First question: Does 12.1 deal with fonts in a very different way from
11? The subdirectory containing the config file that lists the font
paths seems to be either missing or elsewhere in 12.1. Can somebody
point me to a useful document written after 1998? I'm tired of beating
my head against the wall about such a trivial-yet-essential thing as the
adobe and truetype fonts which are there, mentioned in xorg.conf, and
yet remain stubbornly invisible.
TIA
--
Cheers, Bev
**********************************************
"I've had a Lucas pacemaker for years and have
never experienced any prob
> Peter wrote:
>
>> On Sun, 04 May 2008 19:39:12 +0000, slakmagik wrote:
>>
>> snip.
>>>
>>> In short: good experiences; I recommend it.
>>>
>>> The only downside is that it doesn't have that squeaky clean feeling
>>> with the fresh new-system scent. ;)
>>
>> Thank you both. I expected as much. I worry b/c I have upgraded many
>> packages manuallym including glibc and gtk+ (for gnome mostly) and don't
>> want to create dependency hassles.
>>
>> The fresh new scent is something I don't relish b/c it means days of
>> recompiling. I'm backed up and maybe I'll give it a go.
>>
>> Anyone with a not so pristine experience?
>
> That would be me. We spent all day yesterday on dealing with my 11.0
> machine and I'm really discouraged. A lot of X stuff won't work. The
> adobe and truetype fonts, xmms, gimp, WordPerfect (irreplaceable now),
> and probably a lot of other stuff I just haven't gotten around to yet.
>
> To make it worse, my husband (who regards GUIs as perversions) did it
> easily on his machine.
>
> This always happens and is why I don't upgrade until I can't do
> something I really want to do (in this case Firefox3, which is another
> disappointment -- I'm sure that sooner or later all the extensions will
> work again, but not this week...).
I'll check back in a couple of months. No hurry. Not only do I NOT do
bleeding-edge stuff, I wait until the scabs are ready to be picked off.
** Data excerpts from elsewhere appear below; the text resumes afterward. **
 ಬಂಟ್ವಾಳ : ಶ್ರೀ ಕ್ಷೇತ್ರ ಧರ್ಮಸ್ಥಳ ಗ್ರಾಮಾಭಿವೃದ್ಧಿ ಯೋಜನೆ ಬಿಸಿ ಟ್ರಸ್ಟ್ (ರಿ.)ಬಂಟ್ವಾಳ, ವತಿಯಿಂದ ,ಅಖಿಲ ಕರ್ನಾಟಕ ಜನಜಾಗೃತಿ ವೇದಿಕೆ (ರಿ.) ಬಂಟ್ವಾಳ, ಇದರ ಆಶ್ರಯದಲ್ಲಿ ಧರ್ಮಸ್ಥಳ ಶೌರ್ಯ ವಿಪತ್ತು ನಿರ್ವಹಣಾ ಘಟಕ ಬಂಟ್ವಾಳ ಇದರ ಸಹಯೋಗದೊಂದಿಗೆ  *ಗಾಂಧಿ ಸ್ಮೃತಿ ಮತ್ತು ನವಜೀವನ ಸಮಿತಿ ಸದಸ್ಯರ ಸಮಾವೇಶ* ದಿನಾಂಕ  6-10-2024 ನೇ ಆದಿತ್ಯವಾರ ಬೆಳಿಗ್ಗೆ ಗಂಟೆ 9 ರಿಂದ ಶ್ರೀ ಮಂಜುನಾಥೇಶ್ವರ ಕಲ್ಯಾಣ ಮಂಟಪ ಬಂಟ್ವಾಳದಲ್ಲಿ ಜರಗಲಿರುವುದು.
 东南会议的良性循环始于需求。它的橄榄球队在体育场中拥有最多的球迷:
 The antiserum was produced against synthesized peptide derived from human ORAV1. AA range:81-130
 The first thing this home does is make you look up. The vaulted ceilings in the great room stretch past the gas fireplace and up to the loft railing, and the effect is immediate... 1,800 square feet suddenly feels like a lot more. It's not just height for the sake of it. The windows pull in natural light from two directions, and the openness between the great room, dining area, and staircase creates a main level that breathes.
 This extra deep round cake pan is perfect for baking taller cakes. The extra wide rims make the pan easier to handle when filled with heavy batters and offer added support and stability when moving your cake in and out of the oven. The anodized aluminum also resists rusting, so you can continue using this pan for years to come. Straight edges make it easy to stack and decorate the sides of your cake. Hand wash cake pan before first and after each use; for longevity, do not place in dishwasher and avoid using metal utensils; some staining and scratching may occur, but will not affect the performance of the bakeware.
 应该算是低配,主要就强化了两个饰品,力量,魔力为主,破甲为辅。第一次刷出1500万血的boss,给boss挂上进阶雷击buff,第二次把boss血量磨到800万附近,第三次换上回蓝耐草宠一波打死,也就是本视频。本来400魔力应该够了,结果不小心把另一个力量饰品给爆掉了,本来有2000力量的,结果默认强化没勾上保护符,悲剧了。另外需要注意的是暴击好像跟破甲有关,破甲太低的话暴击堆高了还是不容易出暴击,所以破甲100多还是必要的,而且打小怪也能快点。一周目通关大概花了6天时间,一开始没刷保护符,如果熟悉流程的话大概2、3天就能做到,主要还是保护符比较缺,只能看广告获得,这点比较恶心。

> First question: Does 12.1 deal with fonts in a very different way from
> 11? The subdirectory containing the config file that lists the font
> paths seems to be either missing or elsewhere in 12.1. Can somebody
> point me to a useful document written after 1998? I'm tired of beating
> my head against the wall about such a trivial-yet-essential thing as the
> adobe and truetype fonts which are there, mentioned in xorg.conf, and
> yet remain stubbornly invisible.
OK, the serious problems are solved thanks to my live-in
consultant/spouse, who wrote a nice script for me.
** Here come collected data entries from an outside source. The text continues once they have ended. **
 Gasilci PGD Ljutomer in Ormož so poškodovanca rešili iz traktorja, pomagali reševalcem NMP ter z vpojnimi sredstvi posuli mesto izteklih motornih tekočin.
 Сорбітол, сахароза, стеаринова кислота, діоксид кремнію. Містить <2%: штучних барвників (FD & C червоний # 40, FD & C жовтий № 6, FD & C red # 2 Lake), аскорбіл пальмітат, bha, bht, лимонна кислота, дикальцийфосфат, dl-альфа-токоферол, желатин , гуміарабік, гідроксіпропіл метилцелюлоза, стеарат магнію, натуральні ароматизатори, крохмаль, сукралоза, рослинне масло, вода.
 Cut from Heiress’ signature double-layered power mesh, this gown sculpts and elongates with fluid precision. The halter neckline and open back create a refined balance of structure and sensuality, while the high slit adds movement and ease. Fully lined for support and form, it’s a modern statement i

I'm going to have to hunt down and implement the adobe fonts, but
substituting -monotype-arial-*-r-*-*-*-80-*-*-*-*-*-* for the helvetica
fonts in my .fvwm95rc (because that was the most completely configured
window manager back in 1995 and I'm [obviously] lazy, that's why!) and
juggling the font paths around in my xorg.conf did the trick -- in the
test case. Now I just have to do it again...
---------------section of new xorg.conf--------------------
# /usr/share/fonts/misc added because xfontsel couldn't find the
# 8859 fonts for some inexplicable reason.
Section "Files"
RgbPath "/usr/X11R6/lib/X11/rgb"
ModulePath "/usr/X11R6/lib/modules"
FontPath "/usr/share/fonts/misc/"
FontPath "/usr/X11R6/lib/X11/fonts/misc/"
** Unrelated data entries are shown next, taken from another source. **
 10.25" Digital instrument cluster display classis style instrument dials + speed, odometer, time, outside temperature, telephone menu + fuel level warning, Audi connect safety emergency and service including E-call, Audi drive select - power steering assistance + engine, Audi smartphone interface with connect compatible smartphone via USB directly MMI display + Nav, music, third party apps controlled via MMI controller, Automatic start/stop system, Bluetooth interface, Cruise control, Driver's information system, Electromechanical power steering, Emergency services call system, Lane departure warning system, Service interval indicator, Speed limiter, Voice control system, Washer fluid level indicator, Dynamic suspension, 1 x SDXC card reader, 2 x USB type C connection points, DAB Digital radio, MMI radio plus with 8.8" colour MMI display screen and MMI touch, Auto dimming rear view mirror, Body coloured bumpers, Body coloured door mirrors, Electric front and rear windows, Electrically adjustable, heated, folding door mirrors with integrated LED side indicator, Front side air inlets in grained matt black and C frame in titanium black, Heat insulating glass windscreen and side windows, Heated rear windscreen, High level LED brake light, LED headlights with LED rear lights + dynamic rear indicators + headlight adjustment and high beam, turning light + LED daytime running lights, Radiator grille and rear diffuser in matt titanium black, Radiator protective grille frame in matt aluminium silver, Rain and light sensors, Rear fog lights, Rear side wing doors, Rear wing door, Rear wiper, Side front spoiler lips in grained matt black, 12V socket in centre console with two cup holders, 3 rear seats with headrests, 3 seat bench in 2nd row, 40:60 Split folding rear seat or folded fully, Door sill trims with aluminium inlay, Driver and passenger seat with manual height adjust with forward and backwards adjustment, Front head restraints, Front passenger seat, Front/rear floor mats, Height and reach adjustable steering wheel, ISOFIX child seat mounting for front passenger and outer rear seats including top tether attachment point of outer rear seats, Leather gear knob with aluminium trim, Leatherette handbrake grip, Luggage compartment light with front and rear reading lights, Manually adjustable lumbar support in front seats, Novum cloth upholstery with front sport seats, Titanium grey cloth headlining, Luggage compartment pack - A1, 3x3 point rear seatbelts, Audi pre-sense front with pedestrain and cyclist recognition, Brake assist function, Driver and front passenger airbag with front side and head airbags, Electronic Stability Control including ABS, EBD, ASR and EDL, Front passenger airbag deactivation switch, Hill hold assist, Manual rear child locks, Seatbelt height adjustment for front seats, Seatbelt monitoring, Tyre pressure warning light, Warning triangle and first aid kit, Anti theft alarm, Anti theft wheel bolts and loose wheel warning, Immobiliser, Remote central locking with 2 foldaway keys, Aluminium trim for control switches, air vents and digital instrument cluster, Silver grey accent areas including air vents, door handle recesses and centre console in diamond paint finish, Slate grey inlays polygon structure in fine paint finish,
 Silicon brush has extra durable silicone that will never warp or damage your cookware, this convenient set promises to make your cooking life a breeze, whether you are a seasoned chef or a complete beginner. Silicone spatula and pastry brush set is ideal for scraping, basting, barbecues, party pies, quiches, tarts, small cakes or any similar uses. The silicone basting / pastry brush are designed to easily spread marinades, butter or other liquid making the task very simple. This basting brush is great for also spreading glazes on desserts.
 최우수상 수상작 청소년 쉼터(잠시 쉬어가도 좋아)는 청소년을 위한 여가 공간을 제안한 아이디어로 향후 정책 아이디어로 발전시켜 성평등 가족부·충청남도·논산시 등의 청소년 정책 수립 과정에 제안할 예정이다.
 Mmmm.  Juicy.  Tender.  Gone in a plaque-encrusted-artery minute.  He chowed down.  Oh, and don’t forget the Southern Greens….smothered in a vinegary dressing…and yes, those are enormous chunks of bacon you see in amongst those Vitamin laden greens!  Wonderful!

FontPath "/usr/X11R6/lib/X11/fonts/TTF/"
FontPath "/usr/X11R6/lib/X11/fonts/Type1/"
FontPath "/usr/X11R6/lib/X11/fonts/CID/"
FontPath "/usr/X11R6/lib/X11/fonts/75dpi/"
FontPath "/usr/X11R6/lib/X11/fonts/100dpi/"
FontPath "/usr/X11R6/lib/X11/fonts/OTF/"
FontPath "/usr/X11R6/lib/X11/fonts/Speedo/"
FontPath "/usr/X11R6/lib/X11/fonts/afms/"
FontPath "/usr/X11R6/lib/X11/fonts/afms/adobe/"
FontPath "/usr/X11R6/lib/X11/fonts/util/"
FontPath "/usr/ttfonts/"
-------------------
So far, so good.
--
Cheers,
Bev
------------------------------------------------------
"Don't bother looking for that key. There is no Esc."